* Goal of the exercise:
The material below includes pictures; leave them out and return only the lines between the line containing "Ich hätte jetzt" and the line containing "3月29日下午,省委统战部副", inclusive, word for word.

* Entries supplied:
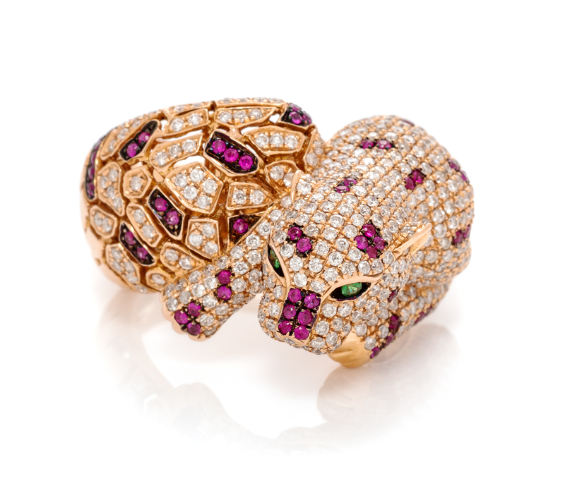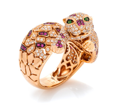 An 18 Karat Rose Gold, Diamond, Ruby and Tsavorite Garnet Panther Motif Ring, 8.75 dwts.
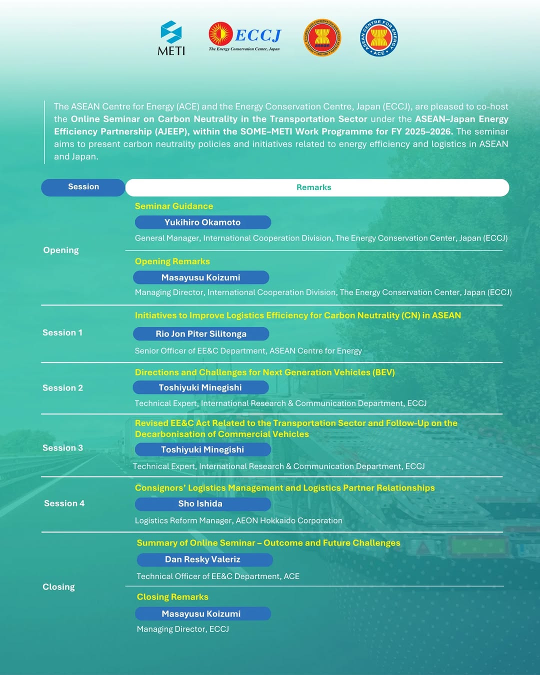 The ASEAN Centre for Energy (ACE), together with the Energy Conservation Center, Japan (ECCJ) are hosting an online seminar for carbon neutrality (CN) in transportation sector as part of the AJEEP programme. The online seminar aims to present CN’s policies and initiatives on energy efficiency and logistics within ASEAN and Japan, with a particular focus on the transportation and logistics sectors. It will further highlight recent developments concerning the Revised EESC Act, the decarbonisation of commercial Vehicles, and approaches to logistics management and partnership.
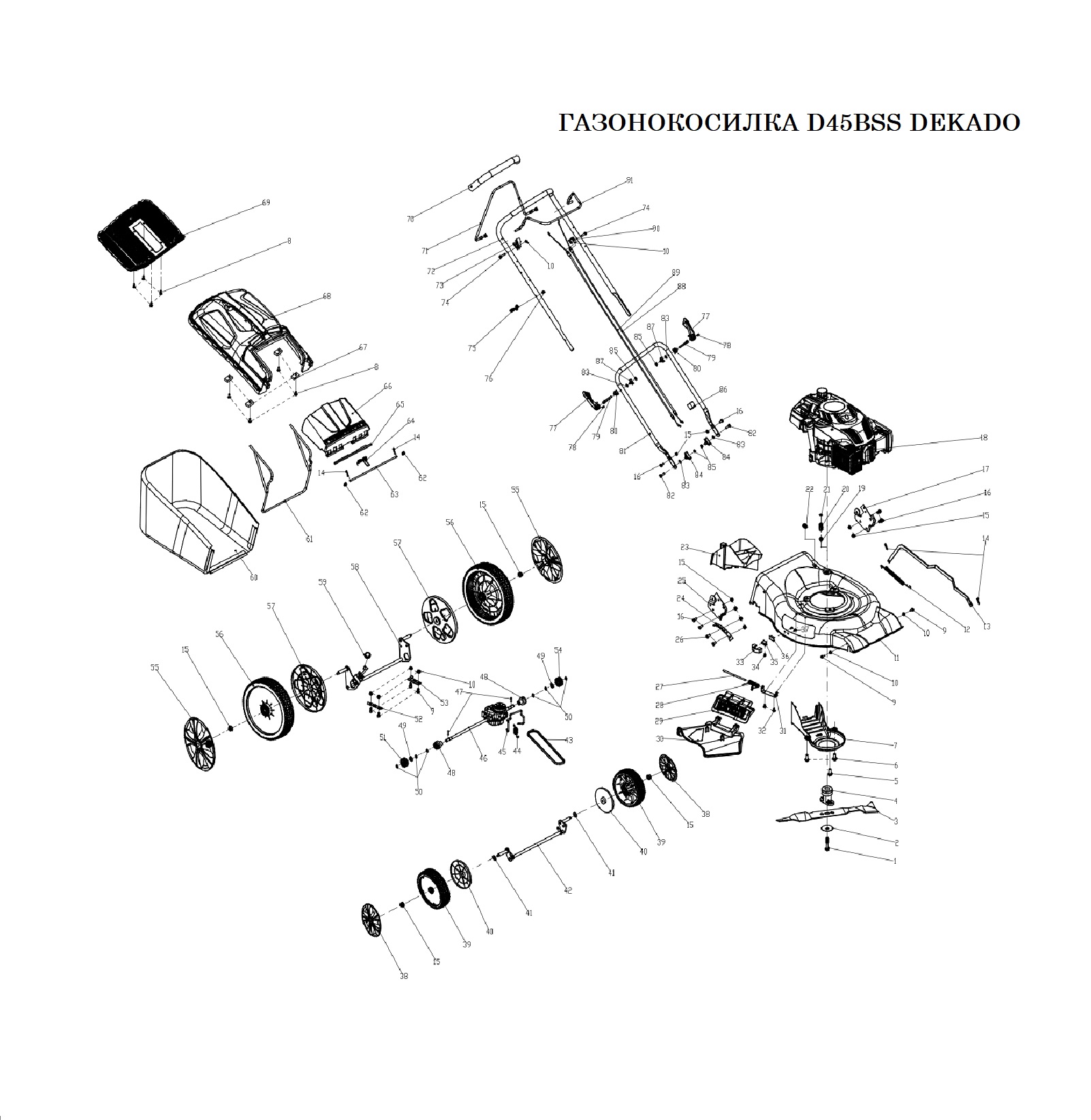 Еще одна из сегмента бензомоторных газонокосилок D45BSS. Самоходная газонокосилка, оснащенная двигателем Briggs&Stratton, мощностью 3.5 л. с., с приводом на задние колеса, который обеспечивает более высокую производительность и возможность работы на сложном рельефе. Подходит для кошения травы в садах, огородах, приусадебных участках. Позволяет обрабатывать газонную полосу шириной 46 см. Корпус деки выполнен из стали, что делает агрегат устойчивым к коррозии. Высота скашивания травы изменяется централизованно, в диапазоне от 25 до 75 мм и имеет в наличии боковой выброс травы и функцию мульчирования. Газонокосилка D45BSS предназначена для индивидуального бытового применения.
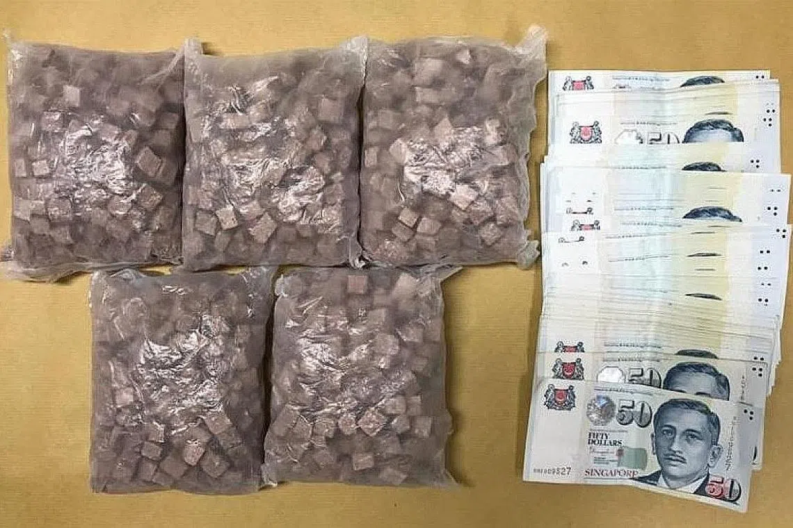 BARANGAN DIRAMPAS: Heroin dan wang tunai yang dirampas daripada seorang lelaki berusia 24 tahun di Yishun Avenue 4, dalam satu operasi oleh CNB pada 14 April. - Foto CNB -
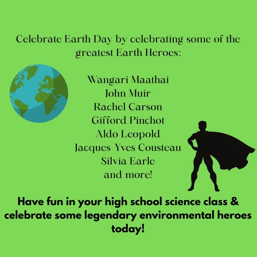 Have you ever visited a National Park? They were originally created through the idea of preserving land for the enjoyment of citizens of our country. Have you ever heard of DDT and its effects on the bald eagle population? The research of early pesticide use and its impacts on the environment were made public by Rachel Carson’s work when writing her infamous book, “Silent Spring.” While there are so many AMAZING environmental heroes we can learn from, we have limited time in our classroom to really learn about these heroes. We don’t have time for our students to fully learn the depth of these great environmentalists, but we can at least take a few class periods to really set the stage and motivate our students to learn from the unsung heroes of environmental history.
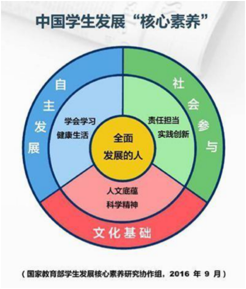 2016年《中国学生发展核心素养》总体框架,由三个方面、六个要素和十八个基本点构成,明确了“21世纪应该培养学生什么样的品格与能力”,其核心是培养全面发展的人。
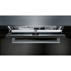 Der vollintegrierbare Geschirrspüler Siemens iQ300 SN63HX41TE kann bis zu 12 Maßgedecke aufnehmen und bietet sechs Spülprogramme sowie vier Sonderfunktionen plus Maschinenpflegeprogramm. Das Automatik-Programm steuert effizient den gesamten Spülprozess und dank VarioSpeed Plus wird eine bis zu dreimal so schnelle Programmlaufzeit erzielt. Über die Favoriten Taste können individuelle Einstellungen per Knopfdruck aufgerufen werden. Das Zuschalten der intensiveZone sorgt für mehr Sprühdruck im Unterkorb, wodurch hartnäckige Verschmutzungen entfernt werden. InfoLight – ein blauer Lichtpunkt auf dem Boden gibt Auskunft, ob der Geschirrspüler noch läuft oder bereits fertig ist. Das AquaStop-System schützt vor Wasserschäden. Mit einer Lautstärke von 44 Dezibel ist der SN63HX41TE zudem angenehm leise. Der SN63HX41TE kann jederzeit und von überall bequem per Home Connect App über Handy oder Tablet gesteuert werden.
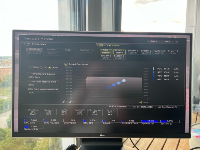 Ich hätte jetzt keine manuell angepassten Einstellungen bei den Fans gefunden. Scheint alles auf "Smart Fan" zu stehen. Dachtet ihr an etwas Spezielles?
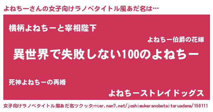 | 男性向けラノベタイトル風あだ名 | 『よねちーという概念が存在しない退屈な世界 』 |
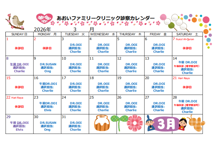 3月の診察日時および担当医師/通訳についてご案内いたします。
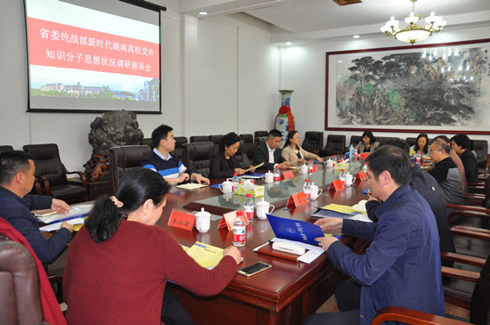 3月29日下午,省委统战部副部长胡东风、省委统战部知工处处长曾志君、副处长张小庆一行4人来到开元,就“新时代湖南高校党外知识分子思想状况” 进行调研。校党委书记彭小奇、校长童小娇、党委副书记刘志敏、组织统战部、宣传部、人事处负责人以及学校党外知识分子代表参加调研座谈会。刘志敏主持会议。
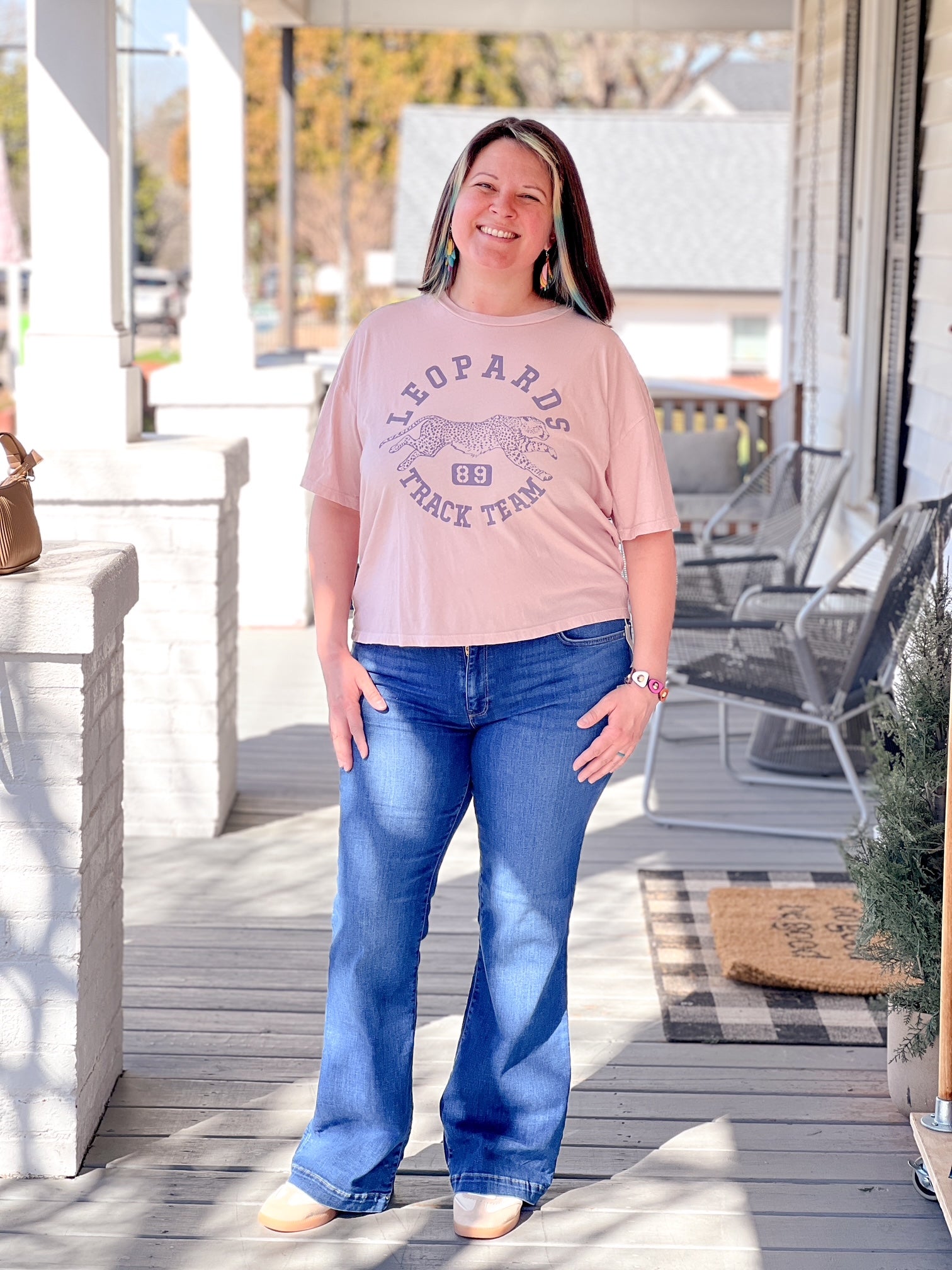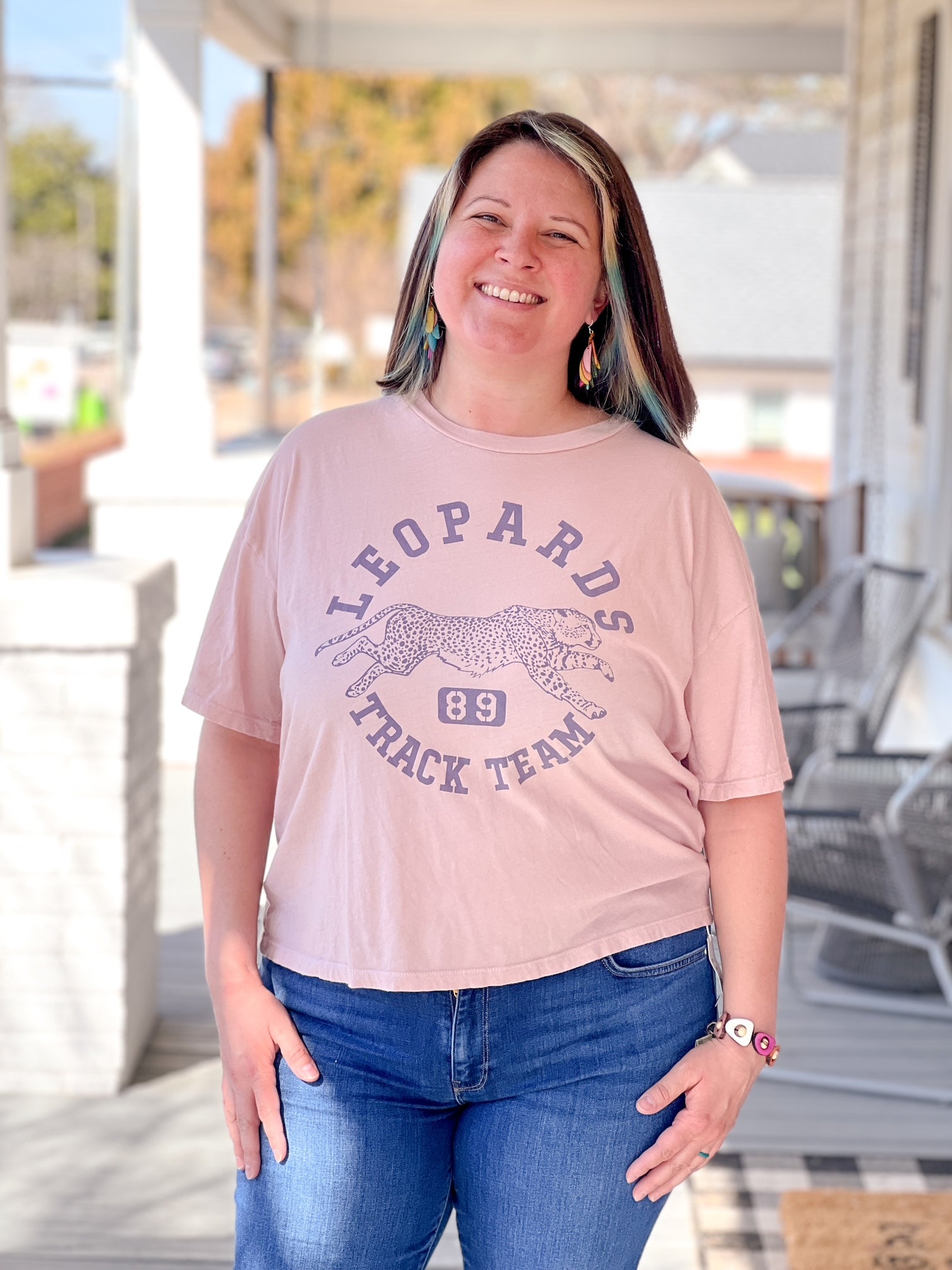 Get comfortable in our Leopards Track Team Top, a casual graphic print tee that has a relaxed fit. Dress this top up with jeans and a denim jacket, pair it with a skirt, or dress it down with leggings or sweatpants!
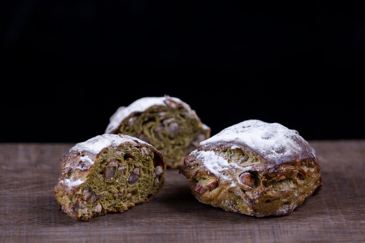 「新緑園」の緑茶を使用した、風味豊かなモチモチ生地のリュスティック。生地の中には北海道産の大納言小豆が入っており、緑茶の苦みと小豆の甘味のバランスが絶妙にマッチした一品です。
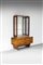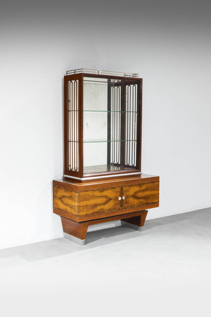 Struttura in legno e radica, particolari in alluminio, acciaio, vetro e vetro specchiato.
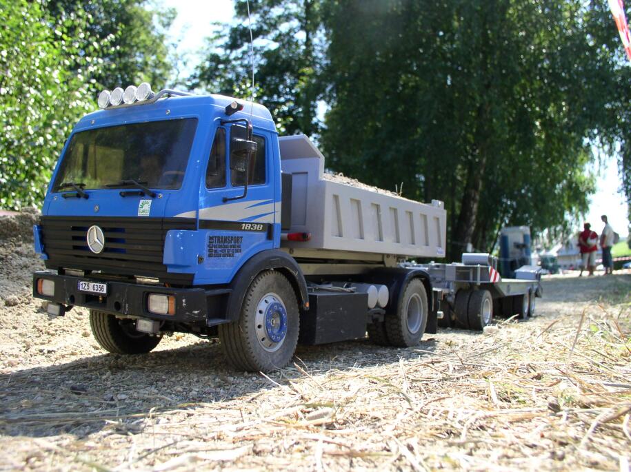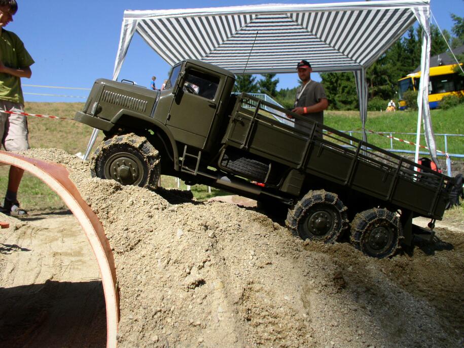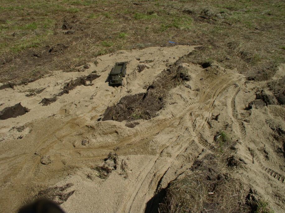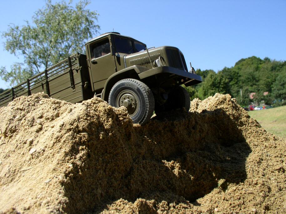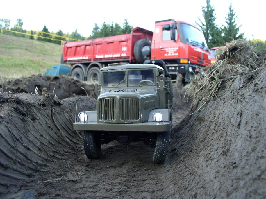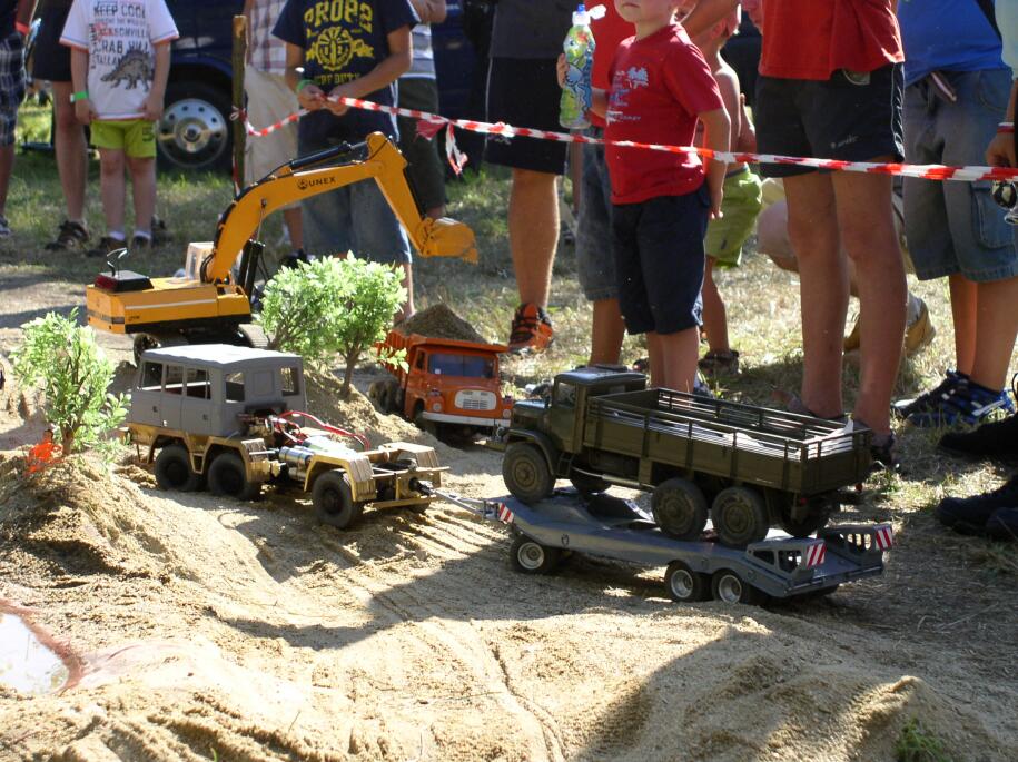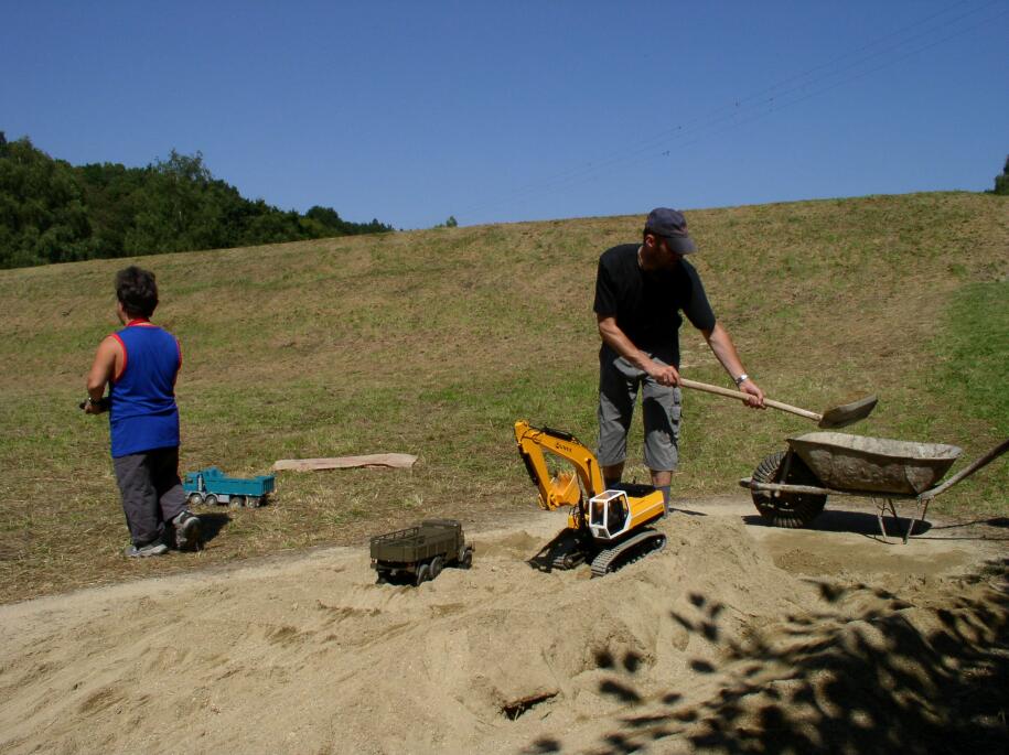 Hromádku písku jsme měli připravenou v travnatém svahu na tenké igelitové podložce. Ihned jsme ji přemístili na asfaltový chodník, aby se dalo jezdit i okolo, protože jízda ve vysoké trávě není pro modely nic moc. Z písku jsme vymodelovali krajinu lehkého terénního rázu se zakomponovaným brodem a základem tunelu. Nejhojnější hemžení modelů nastalo hned poté – to jezdilo snad všechno, co mělo kola. Dva bagry měly za úkol plnit tři sklápěčky a ty měly nasypávat druhý svah tunelu. Bohužel tento záměr vzal záhy za své – pro technické problémy začaly odpadat Tatry jedna za druhou. Nejdřív modrá T815 8x8 S1, v zápětí tahač Jamal přišel o pohon všech zadních kol a totéž postihlo dokonce i jindy zcela spolehlivou a léty prověřenou T148 S1 (v neděli před odjezdem už měla v záběru pouze tři kola ze šesti). Asi nějaká špatná konstelace hvězd nebo co. Jen jsem čekal, až postihne nějaký defekt i T130. Nestalo se, naštěstí. Spolehlivě jezdila v sobotu i v neděli.

* Written reply:
 Ich hätte jetzt keine manuell angepassten Einstellungen bei den Fans gefunden. Scheint alles auf "Smart Fan" zu stehen. Dachtet ihr an etwas Spezielles?
 | 男性向けラノベタイトル風あだ名 | 『よねちーという概念が存在しない退屈な世界 』 |
 3月の診察日時および担当医師/通訳についてご案内いたします。
 3月29日下午,省委统战部副部长胡东风、省委统战部知工处处长曾志君、副处长张小庆一行4人来到开元,就“新时代湖南高校党外知识分子思想状况” 进行调研。校党委书记彭小奇、校长童小娇、党委副书记刘志敏、组织统战部、宣传部、人事处负责人以及学校党外知识分子代表参加调研座谈会。刘志敏主持会议。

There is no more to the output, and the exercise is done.